Ces jours derniers, l'ordre vint de sortir de nos tranchées pour occuper une tranchée ennemie. Pour la première fois, nos hommes refusèrent de marcher. On les menaça du peloton d'exécution. "Nous aimons mieux être fusillés, répondirent-ils, que d'aller pourrir comme nos camarades." En effet, quelques temps auparavant la même attaque avait été tentée. Les nôtres s'étaient embarrassés dans les réseaux de fils de fer tendus par l'ennemi et, après la retraite des survivants sous un feu meurtrier, les blessés étaient restés entre les tranchées françaises et les tranchées allemandes sans que, ni d'un côté ni de l'autre, on pût aller les secourir. Les malheureux avaient agonisé pendant des journées entières, et leurs cris, leurs plaintes avaient déchiré les oreilles de leurs compagnons d'arme jusqu'à ce que le silence se fût fait sur le charnier.
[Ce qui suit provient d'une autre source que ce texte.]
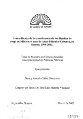 EL COLEGIO DE SONORA A una década de la transferencia de los distritos de riego en México: el caso de Altar-Pitiquito-Caborca, en Sonora. 1994-2003. Tesis de Maestría en Ciencias Sociales con especialidad en Políticas Públicas Que presenta Nancy Araceli Cáñez Navarrete Director de Tesis: Dr. José Luis Moreno Vázquez Hermosillo, Sonora Marzo de 2003
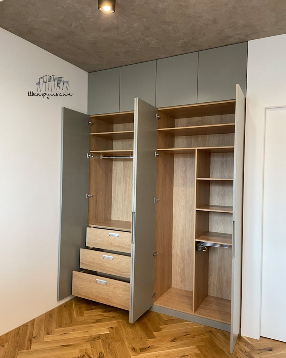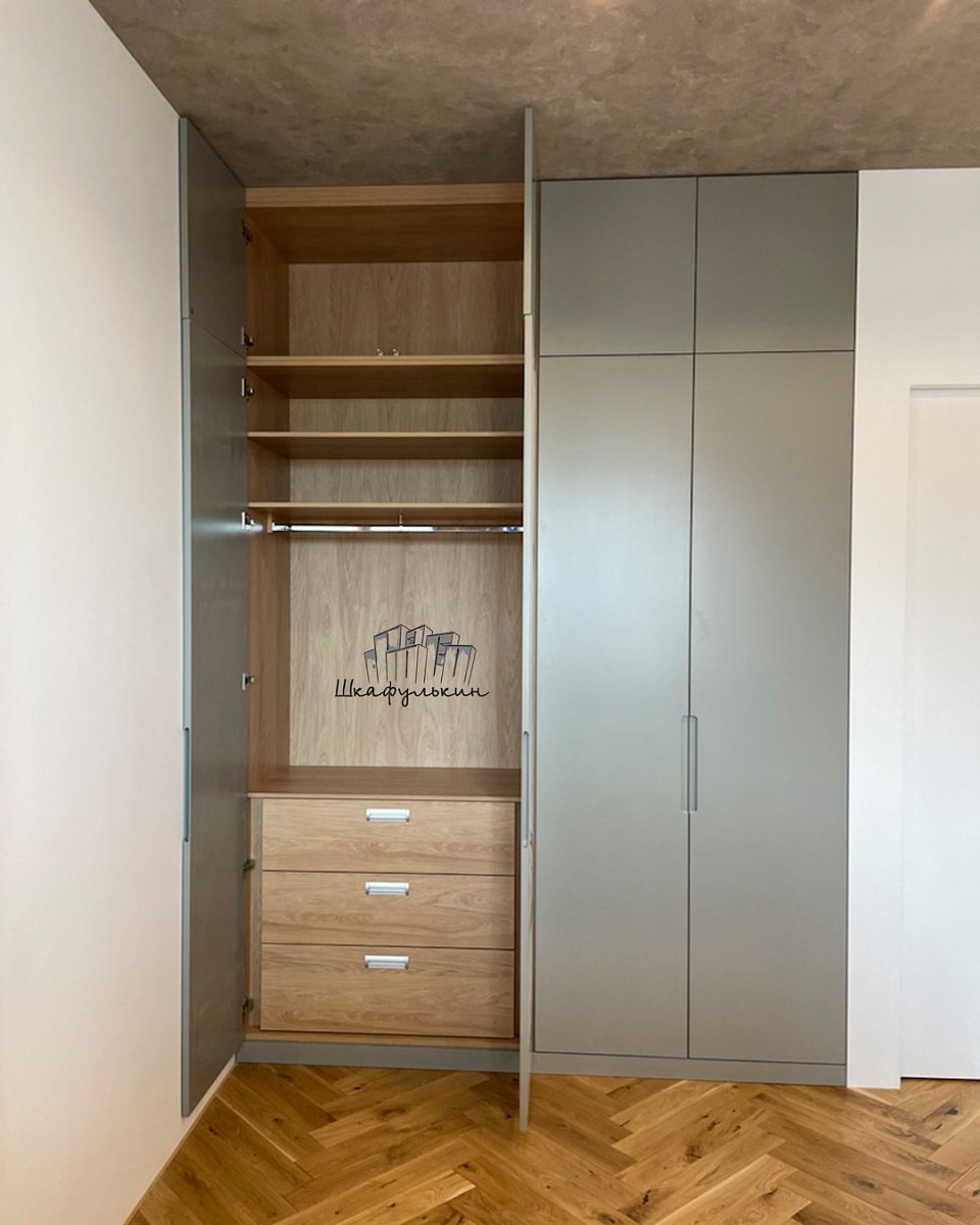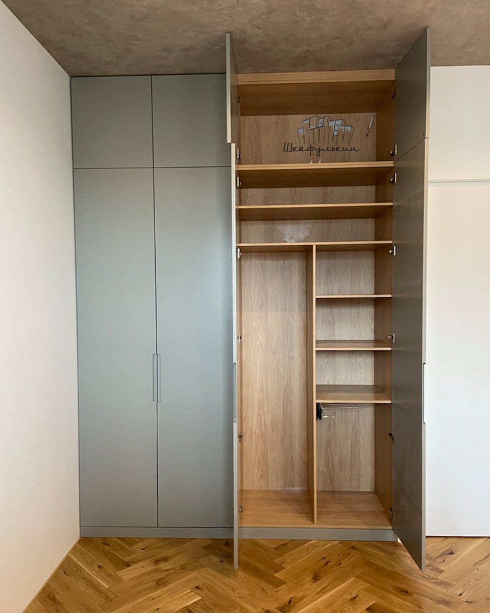 Фасад распашной: 4 шт. / МДФ 19мм / покраска: RAL 7030 / ручка интегрированная: RAL 7030.
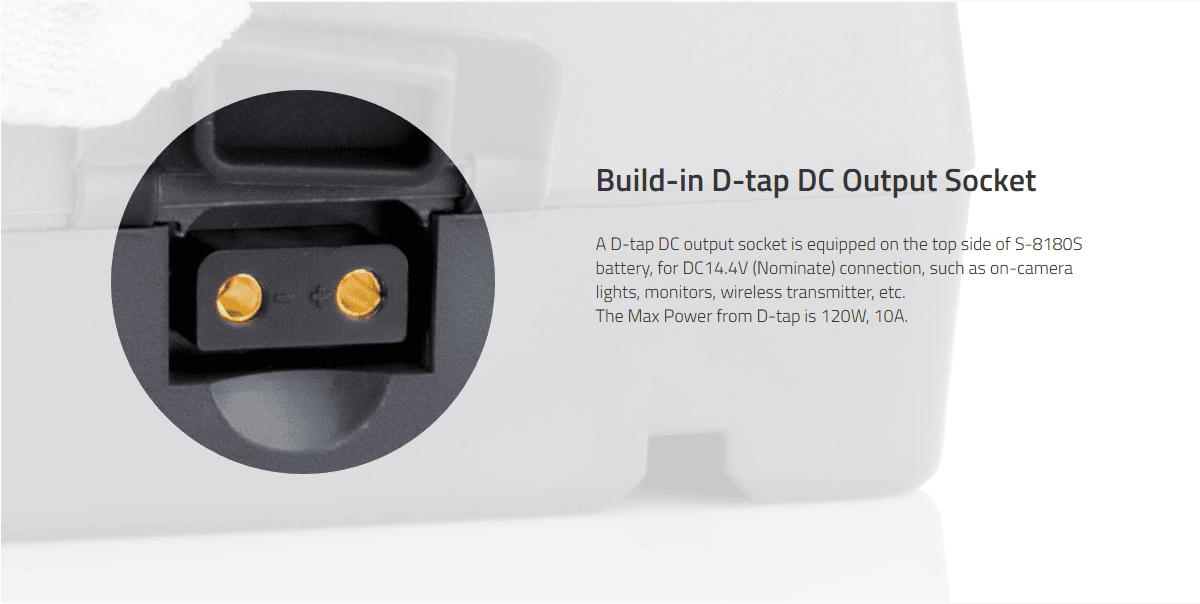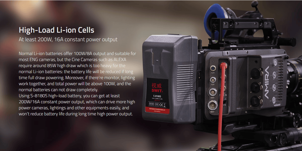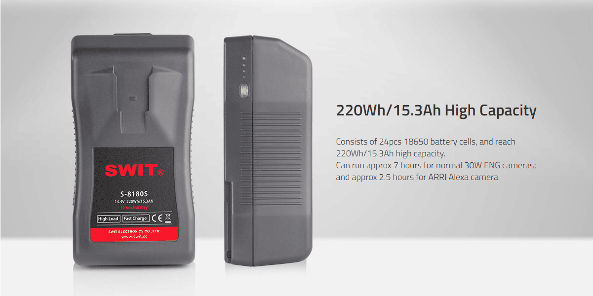 High Load; SWIT Exclusive Quality; Also especially ideal for long term use on high power draw lights with max stable output 200W/16A; 220Wh; 6A fast charging (by SWIT PC-P460S/S-3812S); 1xD-tap in/output; 4-LED indicators; Multiple peak-current protections; 14.4V V-mount
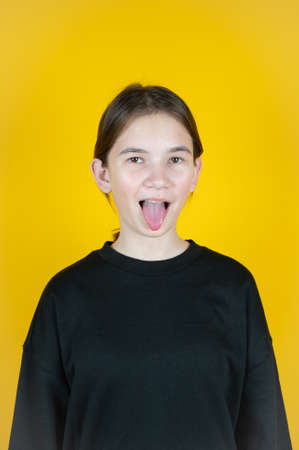 Cute Caucasian kid girl wearing black sweatshirt against yellow wall showing tongue

Les scènes d'horreur sont fréquentes aussi dans les trains sanitaires. Le jeune F..., gravement malade, probablement d'une fièvre typhoïde larvaire, a voyagé pendant huit jours, du front jusqu'à Béziers. Son wagon, où les hommes mouraient sans soin, appelant leur femme et leur mère, était digne de L'Enfer de Dante. Le malheureux jeune homme en a conservé une vision d'épouvante et reçu une secousse qui aggrave sa maladie.
La mort est notre voisine de tous les jours...
Et, pour la première fois, j'ose transcrire ici ce qu'on murmure de toutes parts : la difficulté avec laquelle marchent les territoriaux, des hommes de 35 à 40 ans, mariés, pères de famille qui "regardent en arrière plutôt qu'en avant", et dont beaucoup ont dû être fusillés, les officiers mêmes ayant donné l'exemple de la débandade en beaucoup d'endroits... Pauvre peuple souverain !... Voilà pourtant la "nation armée"...
Par exemple, la Landwehr et le Landsturm marchent infiniment moins bien que nos territoriaux, nos "terribles toriaux", comme dit l'esprit populaire; là encore, la qualité du sang se fait sentir chez nous... •
** Les rapports de M. Jules Cambon et de notre attaché militaire à Berlin constituent des documents de la plus haute valeur historique. Que leur efficacité aura été faible ! C'est que, par leur nature confidentielle, ces avertissements ne pouvaient être communiqués au véritable souverain qui, en République, est le corps électoral. Les rapports de M. Jules Cambon ne pouvaient être communiqués à onze millions de personnes. Ainsi le peuple souverain était, par la force des choses, tenu dans l'ignorance de ce qui se tramait contre lui. Ce pauvre roi à onze millions de tête jouait encore avec son bulletin de vote alors que la feuille de mobilisation était la carte qu'il allait devoir retourner. •
* Octave Mirbeau (1850-1917), auteur de théâtre et critique littéraire, ami de Clemenceau.